Treason Act 1800
- Parliament of Great Britain
- Long title: An Act for regulating Trials for High Treason and Misprision of High Treason, in certain Cases.
- Citation: 39 & 40 Geo. 3 c. 93
- Territorial extent: Great Britain

Dates
- Royal assent: 28 July 1800
- Commencement: 28 July 1800
- Repealed: England and Wales: 1 January 1968; Northern Ireland: 1 January 1968; Scotland: 1 February 1981;

Other legislation
- Amends: Treason Act 1547
- Repealed by: England and Wales: Criminal Law Act 1967; Northern Ireland: Criminal Law Act (Northern Ireland) 1967; Scotland: Criminal Justice (Scotland) Act 1980;
- Relates to: Treason Act 1695; Treason Act 1708; Criminal Lunatics Act 1800; Treason Act 1842;

Status: Repealed

Text of statute as originally enacted

= Treason Act 1800 =

Act of the Parliament of Great Britain

The Treason Act 1800 (39 & 40 Geo. 3 c. 93) was an act of the Parliament of the Kingdom of Great Britain. It assimilated the procedure on trials for treason and misprision of treason to the procedure on trials for murder in certain cases. It was passed as a result of an attempt on the life of George III by James Hadfield earlier that year. The Criminal Lunatics Act 1800 (c. 94) was passed at the same time.

== Provisions ==
The act provided that in all cases of high treason which consisted of compassing or imagining the death of the king, or of misprision of that species of high treason, where the overt act (or acts) of that species of high treason alleged in the indictment for that offence was the assassination or killing of the King, or a direct attempt against his life, or a direct attempt against his person whereby his life might be endangered or his person might suffer bodily harm, the accused could be, and was to be, indicted, arraigned, tried and attainted, in same manner, and under the same procedure ("course and order of trial") and on the same evidence, as if he was charged with murder.

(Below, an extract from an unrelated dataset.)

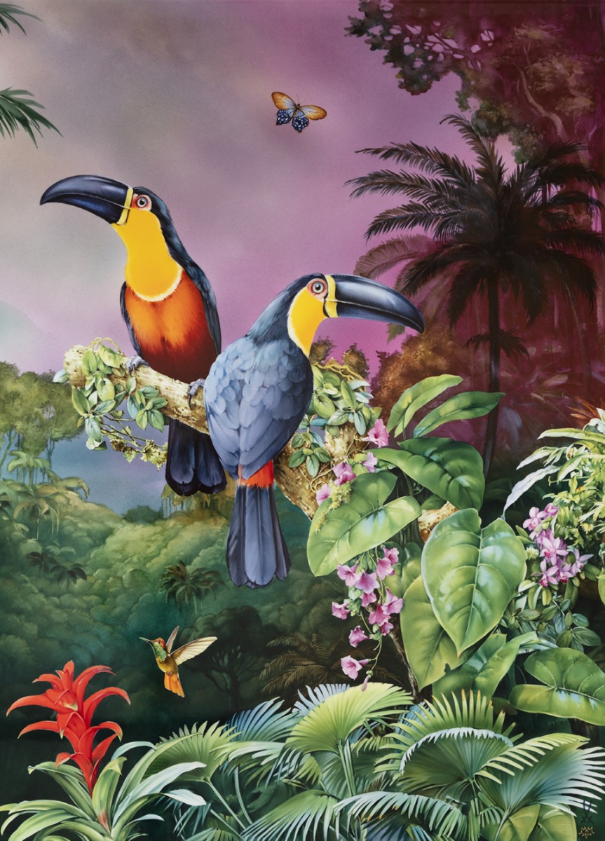 Die beeindruckenden Wandbilder unserer „Exklusiv-Kollektion“ sind eine künstlerische Reise in das tiefe Grün des Regenwaldes. MEISSEN Designerin Lena Hensel kombinierte faszinierende Motive aus dem brasilianischen Amazonas und vereinte diese zu einem wahren Meisterwerk. Bei ihrer Suche stieß sie auf den Hyazinthara, der als eines der kultigsten Symbole der brasilianischen Artenvielfalt gilt. In intensiven Farben ließ sie in naturalistischem Malstil und mit verschiedenen, sehr aufwendigen Maltechniken den tropischen Lebensraum dieses faszinierenden Vogels entstehen. Inmitten der unzähligen Grüntöne des Regenwaldes, umrahmt von üppigen Palmen und allerlei anderen exotischen Pflanzen, dominieren zwei große Exemplare des Hyazintharas die Szenerie. Die intelligenten und äußerst geselligen Tiere besitzen eine beeindruckende Fähigkeit: Sie können lernen, Geräusche wie die menschliche Stimme oder Töne anderer Tiere zu imitieren.

The act further provided that nothing in the Treason Act 1695 (7 & 8 Will. 3. c. 3) or the Treason Act 1708 (7 Ann. c. 21) was to extend to any indictment for high treason consisting of compassing or imagining the death of the king, or for misprision of such treason, which alleged any of the overt acts specified above.

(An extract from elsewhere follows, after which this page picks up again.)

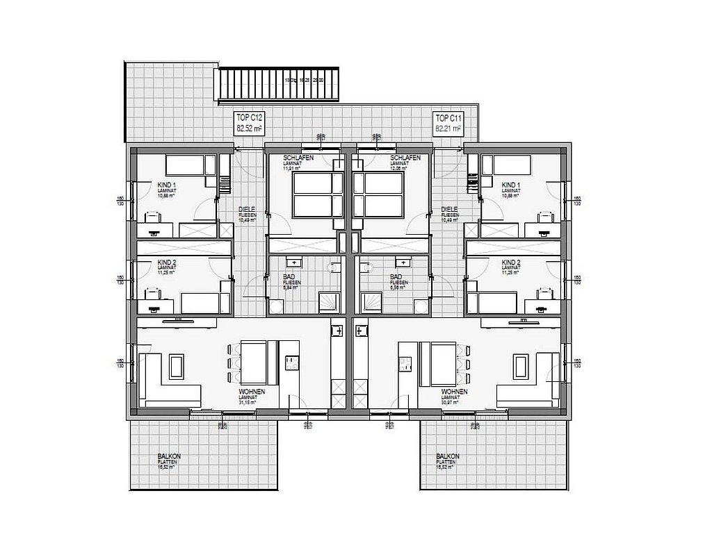 Gemütliche Sommerabende lassen sich auf den überdachten Terrassen der Erdgeschoß-Wohnungen erleben, die dazugehörigen Eigengärten vergrößern zusätzlich den Lebensraum und bieten Platz für Hobby und Freizeitvergnügen aller Art. Die großzügigen Balkone (5,90 x 2,80 m) im Obergeschoß erweitern den Wohnraum nach außen hin.

The act further provided that nothing contained in the act was to be construed to affect the penalty for treason fixed by law.

== Subsequent developments ==
The provisions of the act were amended and extended to all cases of treason and misprision of treason by section 1 of the Treason Act 1945 (8 & 9 Geo. 6. c. 44), which came into force on 15 June 1945.

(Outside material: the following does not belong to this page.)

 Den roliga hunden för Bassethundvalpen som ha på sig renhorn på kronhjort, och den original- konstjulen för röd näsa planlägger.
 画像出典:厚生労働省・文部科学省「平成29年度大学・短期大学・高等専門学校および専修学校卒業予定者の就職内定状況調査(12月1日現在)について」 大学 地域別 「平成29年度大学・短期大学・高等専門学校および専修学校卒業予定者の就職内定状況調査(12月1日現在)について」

The whole act, so far as unrepealed, was repealed for England and Wales by section 10(2) of, and part III of schedule 3 to, the Criminal Law Act 1967, which came into force on 1 January 1968.

The whole act, so far as unrepealed, was repealed for Northern Ireland by section 15(2) of, and schedule 2 to, the Criminal Law Act (Northern Ireland) 1967, which came into force on 1 January 1968.

The whole act was repealed for Scotland by section 83(3) of, and schedule 8 to, the Criminal Justice (Scotland) Act 1980, which came into force on 1 February 1981.